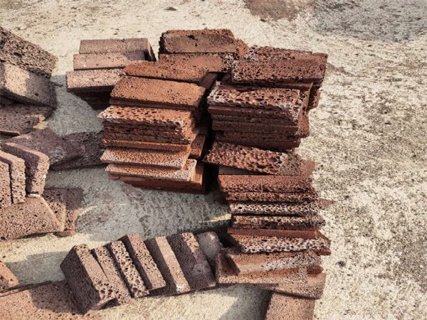 红色火山岩板 碎拼火山石板 墙面装饰别墅造景火山岩
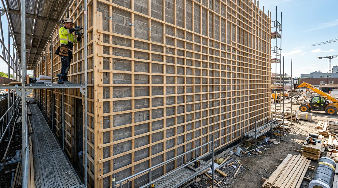 Préparation de l'ossature bois sur un mur extérieur pour accueillir le bardage en tuiles.
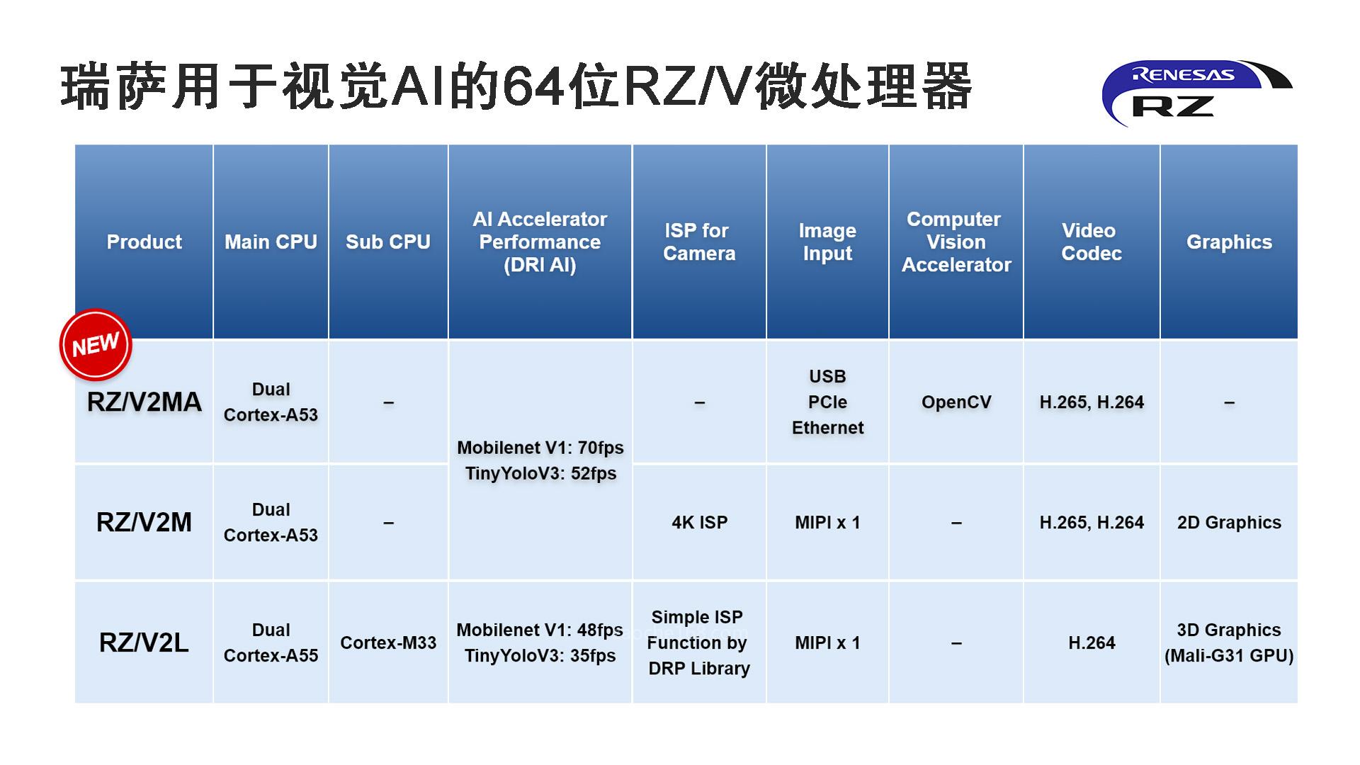 2022 年 9 月 29 日,中国北京讯 - 全球半导体解决方案供应商瑞萨电子(TSE:6723)今日宣布,推出一款能够处理多个摄像头图像数据的全新RZ/V2MA器件,进一步扩充其RZ/V系列微处理器(MPU)产品线,并为视觉AI应用带来新水平的高精度图像识别能力。该新器件集成了两个64位Arm® Cortex®-A53内核,能够以1GHz的最高工作频率提供高计算性能;具备专有的低功耗DRP-AI(动态可重构处理器)加速器,可以以1 TOPS/W(每秒百万次操作/瓦)级的性能处理图像数据。
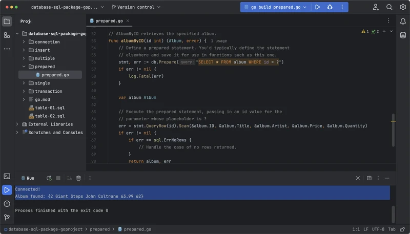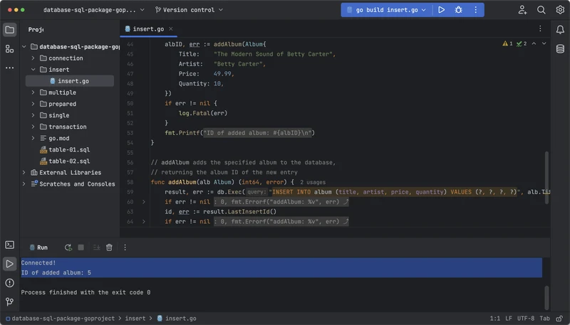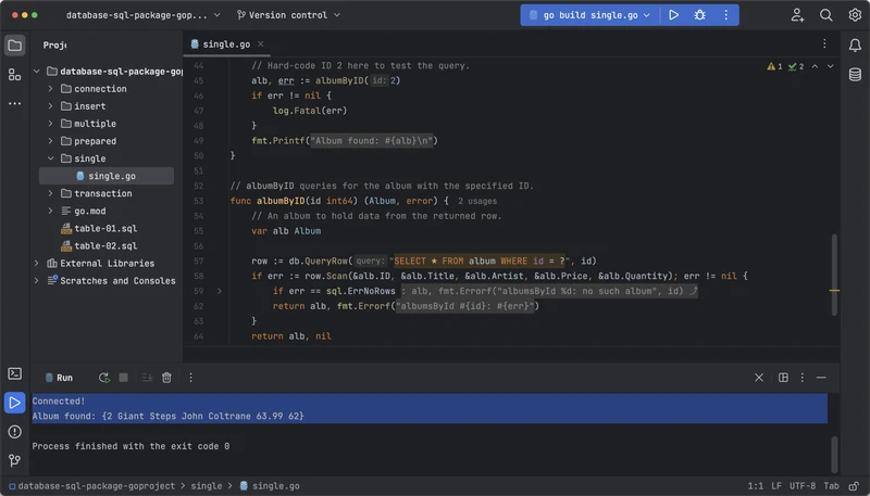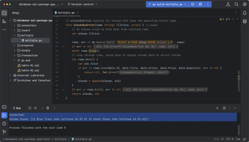 本教程解释了如何实现 软件包以在 Go 中访问数据库、执行不同类型的查询、插入数据,以及执行事务。 此外,我们还简要回顾了 Go 中的错误处理。 在教程中,您已经了解到 GoLand 在编写和运行代码方面有多么方便。 您可以在这里详细了解 JetBrains 为开发者提供的工具。
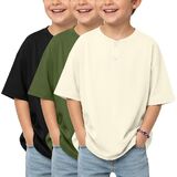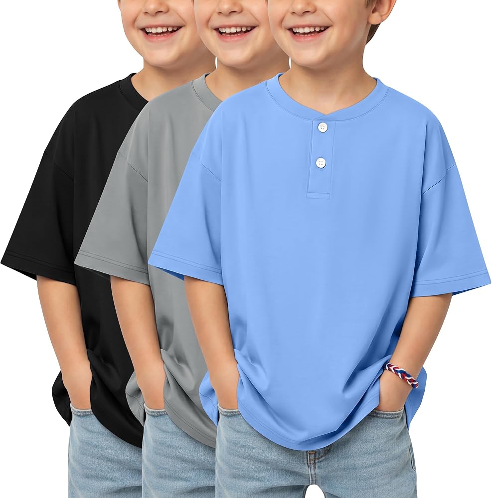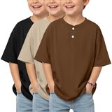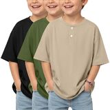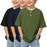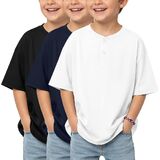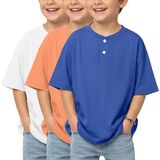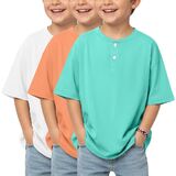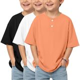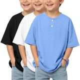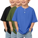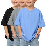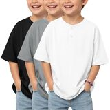 3 Pack boys short sleeve henley oversized t shirts
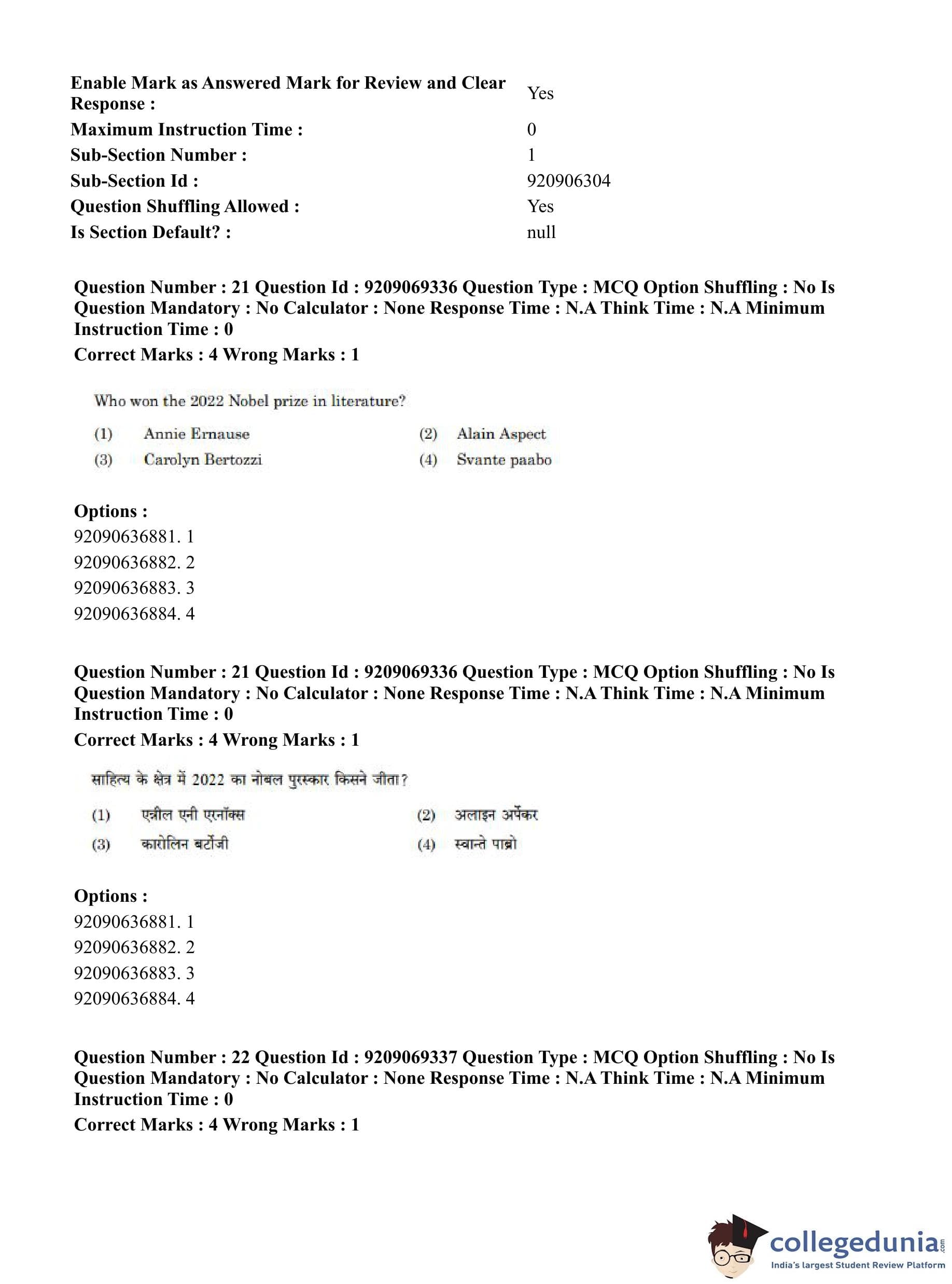 CUET PG 2023 General Question Paper in English (June 8 - Shift 3)

###

What is being asked: An exact restatement is expected of the lines from the line containing "本教程解释了如何实现 软件包以在 Go" to the end of the data above, pictures excluded.

Finished task:
 本教程解释了如何实现 软件包以在 Go 中访问数据库、执行不同类型的查询、插入数据,以及执行事务。 此外,我们还简要回顾了 Go 中的错误处理。 在教程中,您已经了解到 GoLand 在编写和运行代码方面有多么方便。 您可以在这里详细了解 JetBrains 为开发者提供的工具。
 3 Pack boys short sleeve henley oversized t shirts
 CUET PG 2023 General Question Paper in English (June 8 - Shift 3)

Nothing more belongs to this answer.